EXERCISE DATA section start

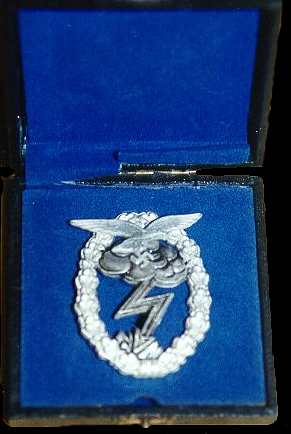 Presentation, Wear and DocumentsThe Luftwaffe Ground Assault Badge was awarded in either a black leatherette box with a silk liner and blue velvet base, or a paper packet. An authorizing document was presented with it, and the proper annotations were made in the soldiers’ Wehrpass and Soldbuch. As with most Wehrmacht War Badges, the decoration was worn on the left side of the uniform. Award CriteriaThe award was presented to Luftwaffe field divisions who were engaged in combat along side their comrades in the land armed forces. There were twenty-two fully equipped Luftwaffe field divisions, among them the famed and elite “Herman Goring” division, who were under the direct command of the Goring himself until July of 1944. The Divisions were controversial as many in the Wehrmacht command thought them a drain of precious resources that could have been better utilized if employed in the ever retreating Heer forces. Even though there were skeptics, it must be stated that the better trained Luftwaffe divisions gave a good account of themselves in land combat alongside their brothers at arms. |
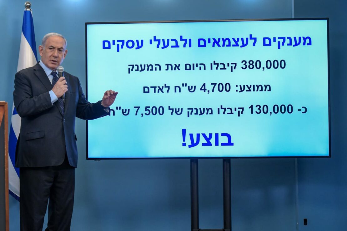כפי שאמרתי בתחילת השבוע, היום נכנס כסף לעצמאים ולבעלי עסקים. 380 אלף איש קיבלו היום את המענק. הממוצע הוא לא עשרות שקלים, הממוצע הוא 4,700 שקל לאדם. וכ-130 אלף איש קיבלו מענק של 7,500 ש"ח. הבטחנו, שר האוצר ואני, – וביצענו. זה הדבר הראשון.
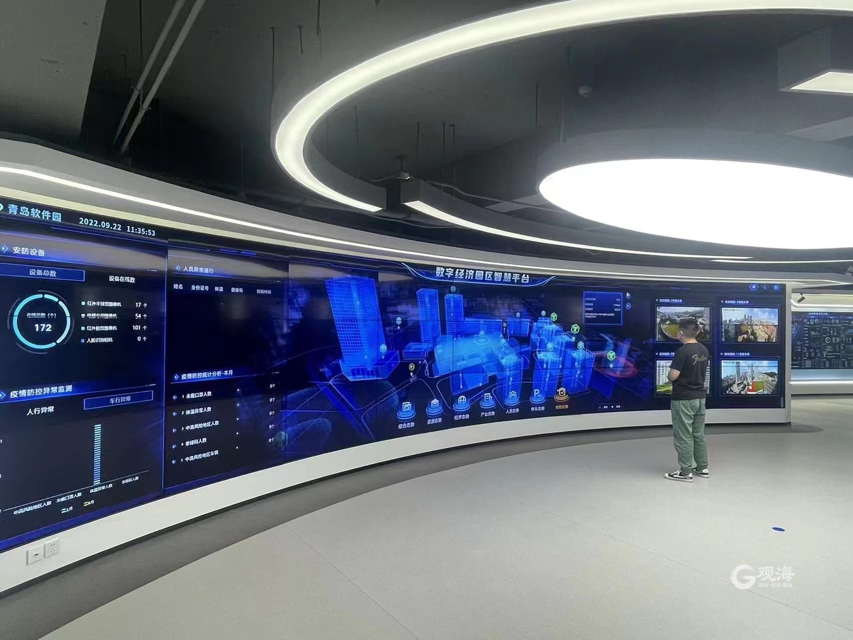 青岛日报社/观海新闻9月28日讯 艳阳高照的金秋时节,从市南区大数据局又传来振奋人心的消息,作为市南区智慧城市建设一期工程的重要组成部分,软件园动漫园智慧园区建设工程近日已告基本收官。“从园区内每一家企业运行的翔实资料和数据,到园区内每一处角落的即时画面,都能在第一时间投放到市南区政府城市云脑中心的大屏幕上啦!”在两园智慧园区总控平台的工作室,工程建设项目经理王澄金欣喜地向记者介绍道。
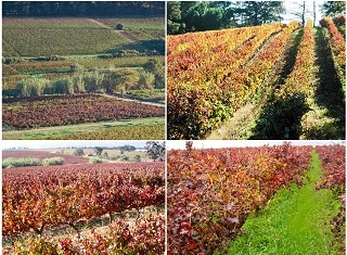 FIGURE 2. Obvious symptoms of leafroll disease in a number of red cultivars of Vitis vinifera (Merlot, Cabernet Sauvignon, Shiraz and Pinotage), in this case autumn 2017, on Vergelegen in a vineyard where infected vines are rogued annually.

EXERCISE DATA section end
EXERCISE DATA section start

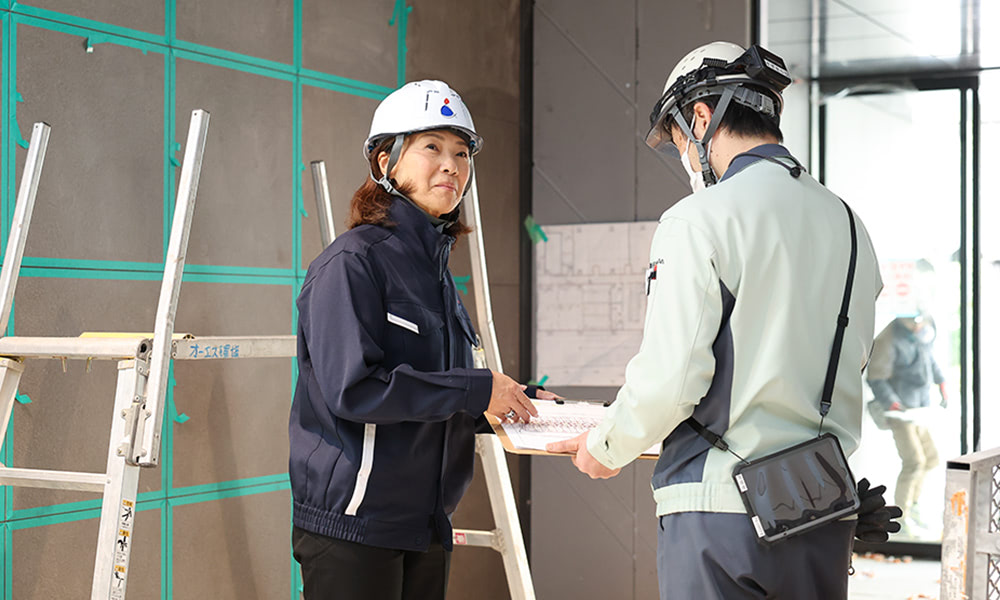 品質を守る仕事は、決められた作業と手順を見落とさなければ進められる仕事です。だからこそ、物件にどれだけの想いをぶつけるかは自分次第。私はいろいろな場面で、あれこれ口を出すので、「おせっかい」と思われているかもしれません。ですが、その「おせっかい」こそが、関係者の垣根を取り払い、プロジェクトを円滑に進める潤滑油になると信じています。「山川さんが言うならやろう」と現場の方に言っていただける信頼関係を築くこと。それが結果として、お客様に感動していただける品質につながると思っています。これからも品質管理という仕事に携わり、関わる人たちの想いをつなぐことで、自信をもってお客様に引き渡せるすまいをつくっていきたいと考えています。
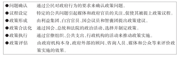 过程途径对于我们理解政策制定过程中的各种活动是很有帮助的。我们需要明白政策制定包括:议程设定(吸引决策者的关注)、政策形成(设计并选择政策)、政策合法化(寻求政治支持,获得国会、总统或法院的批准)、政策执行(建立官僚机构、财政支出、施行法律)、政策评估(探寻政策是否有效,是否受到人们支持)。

EXERCISE DATA section end
EXERCISE DATA section start

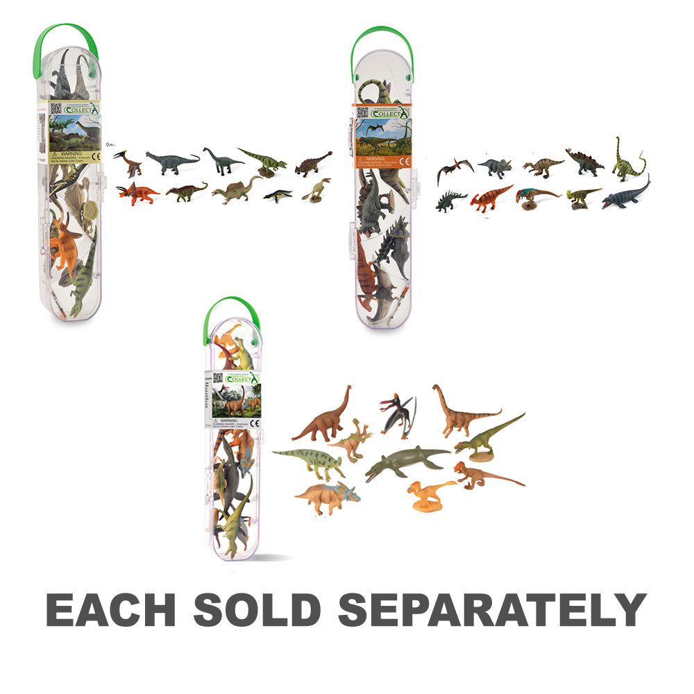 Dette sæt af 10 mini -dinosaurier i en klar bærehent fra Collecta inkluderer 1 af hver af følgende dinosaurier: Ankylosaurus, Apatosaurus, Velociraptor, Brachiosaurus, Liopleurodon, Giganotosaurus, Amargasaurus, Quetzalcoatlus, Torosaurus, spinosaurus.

EXERCISE DATA section end

TASK GOAL: Only the lines above from the one with "青岛日报社/观海新闻9月28" to the one with "FIGURE 2. Obvious" should be printed, both included and exactly as written; no picture belongs in the copy.

RESPONSE:
 青岛日报社/观海新闻9月28日讯 艳阳高照的金秋时节,从市南区大数据局又传来振奋人心的消息,作为市南区智慧城市建设一期工程的重要组成部分,软件园动漫园智慧园区建设工程近日已告基本收官。“从园区内每一家企业运行的翔实资料和数据,到园区内每一处角落的即时画面,都能在第一时间投放到市南区政府城市云脑中心的大屏幕上啦!”在两园智慧园区总控平台的工作室,工程建设项目经理王澄金欣喜地向记者介绍道。
 FIGURE 2. Obvious symptoms of leafroll disease in a number of red cultivars of Vitis vinifera (Merlot, Cabernet Sauvignon, Shiraz and Pinotage), in this case autumn 2017, on Vergelegen in a vineyard where infected vines are rogued annually.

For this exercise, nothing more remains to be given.